Тишка бегом кинулся исполнять приказание и сейчас же возвратился в сопровождении Никиты, который ожидал на крыльце выхода князя.
– Никита, – сказал Василий, – сыщи немедля боярина Шестака и приведи сюда! Да ежели он станет вилять либо упираться, бери его силой!
– Будет исполнено, княже, – ответил Никита и быстро вышел из горницы.
В ожидании Шестака Василий зашагал по опочивальне, снова наливаясь безудержным гневом. Что грамоту украл именно Шестак, у него не было теперь никаких сомнений. Шестак его ненавидел, он старался настроить против него удельных князей, он посылал к ним каких-то таинственных ночных гонцов.
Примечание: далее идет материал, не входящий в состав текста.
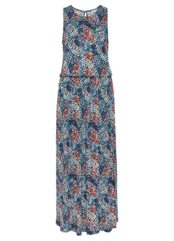 Maxi dress in a sleeveless design with button closure at the neck and a polka dot print.

Зачем своровал он эту грамоту сейчас, когда Василий уже княжит, – о том надобно подумать… Не для того ли, чтобы потомков его лишить права на княжение? От такой гадины всего можно ждать! «Ну, погоди, козлиная борода, ты у меня еще пожалеешь, что на свет народился!» – подытожил он все эти мысли как раз в тот момент, когда в опочивальню вошел боярин Шестак, довольно невежливо подталкиваемый сзади Никитой.
Шестак, когда к нему явился княжий стремянный и почти силой повел во дворец, в первую минуту порядком струсил. Но по дороге взбодрил себя мыслями о том, что Василий княжит последний день и так или иначе песня его спета. Что именно стало известно князю, боярин не знал, но решил отрицать все начисто и прикинуться оскорбленной невинностью. В соответствии с этим решением, едва переступив порог опочивальни, он обиженным тоном заявил:
– С каких это пор твои слуги, князь, начали карачевских бояр хватать? Такого еще, кажись, не было на Руси!
Василий с яростью взглянул на Шестака. Перед ним, вспыжившись, но с животным страхом в глазах, стоял маленький ничтожный человечек, не по заслугам занимающий в стране самое завидное положение, стяжавший огромные богатства и все же с легким сердцем готовый предать своего государя, залить родную землю кровью и совершить любую подлость. И с таким еще церемониться!
– Не бывало? – со злой усмешкой переспросил он. – А еще не то будет: карачевский боярин повиснет на воротах, ежели не возвратит грамоту, лежавшую вот в этом ларце, и не скажет, зачем он ее оттуда своровал?
– Да ты что, князь? – побледнев, но выдерживая взятый тон, промолвил Шестак. – Какая грамота? Да я после смерти родителя твоего и близко тут не бывал!
– Тишка! – крикнул Василий. – Видал ты нынешней зимой, как боярин из моей опочивальни выходил?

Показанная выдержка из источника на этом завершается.